Friday, 24 October 2008

British Courts Despair at EU Extradition Requests

The number of asinine extradition cases being dealt with in UK courts has reached record levels, fuelled by the number of ‘trivial’ requests from around the World that have pissed police authorities right off and clogged up an already pathetic and dawdling legal system.

Up to 6,000 extradition cases are expected to have been dealt with by the end of 2008, more than double the number last year, four times the number in 2006, ten times the number in 1998 and eight thousand, two hundred and forty-four times the number in 1583, according to figures from Smegmadale magistrates court, which handles all extradition hearings after the pubs close. (excluding Sundays and Bank Holidays)

The huge increase is largely down to the volume of European arrest warrants (EAWs) being issued by the old brain-dead ex-Soviet bloc states, with Poland, Lithuania and Bulgaria topping the list.

EAWs, requiring the arrest and extradition of suspects from one EU country to another, are being used by Poland for a “large volume of frivolous extradition requests", according to Detective Sergeant Gary Clunt of Smegmadale’s Extradition Unit.

He estimated that 40% of all extradition cases dealt with originated from former Russian satellite nations, adding that many of the offences were so minor they would lead to either a slap round the head with a dead kipper or a community service order of having to stand in the corner all weekend in England and Wales; and perhaps a more severe penalty of twenty lashes followed by tar and feathering under Scotland’s austere and draconian laws.

In one recent instance a Cracow carpenter who fitted wardrobe doors and then removed them when the client (police chief Rotta Shitzwanker) failed to pay him, was subject to an extradition request by Poland so that they could try him for ‘theft’. The extradition was refused when the Smegmadale District Judge, Ephriam Gluttocks, decided the removal of the doors couldn’t be classified as a simple open and shut case.
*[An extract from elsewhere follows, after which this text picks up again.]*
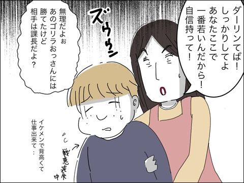 20代夫と子連れ再婚したドレミ。彼女の家で開催されたBBQで、歳下夫はママ友の歳上夫に対抗心を燃やし、美人ママに気に入られようとします。歳上夫に若さマウントを取っていた最中に現れたのは美人ママの夫。なんと彼の上司だったのです。

In another incident the Polish authorities filed for the extradition of a suspect for theft of a supermarket tinned dessert. "The European arrest warrant contained a list of the supposed ingredients and looked rather tasty until I tried one and found it was all sawdust and rhubarb”, Sergeant Clunt told reporters. “I was shitting firewood for a week after".

Following in Poland’s footsteps for barmy requests is Lithuania, one of whose nationals was extradited in August on a charge of ‘piglet-rustling’, which carries a maximum death penalty sentence in their own medieval courts. Apparently this was a first offence and the nine-year old accused schoolboy was treated with leniency and bound over to stay away from bacon for six months.

According to Sergeant Clunt the volume of cases from ex-Soviet bloc countries has forced the Smegmadale extradition court to start chartering extra transport to return suspects to Poland and Lithuania. "We now arrange for a couple of Poland’s ‘Cracow Cruiser’ bendy buses twice a week”, Clunt informed the press.

But while potty Poland is not the only culprit, it has been, to date, the origin of the most numerous and idiotic requests by far. France came a close second in March when it filed an extradition order against the infamous Marseille serial snail strangler who had fled to Britain to evade capture.

Switzerland filed an curious yet absurd oddity in April for a fugitive cuckoo molester from the alpine clock-making town of Tock, just being beaten to the winning post in the silly ratings by Denmark, who filed the notoriously-laughable request against Jurgen Pilluk, wanted by Copenhagen police for unscrewing and filching the nipples of the celebrated Little Mermaid bronze statue at Langelinie during low tide.

Need a ‘Get Out of Jail Free’ Card? Buy a Polish Monopoly game.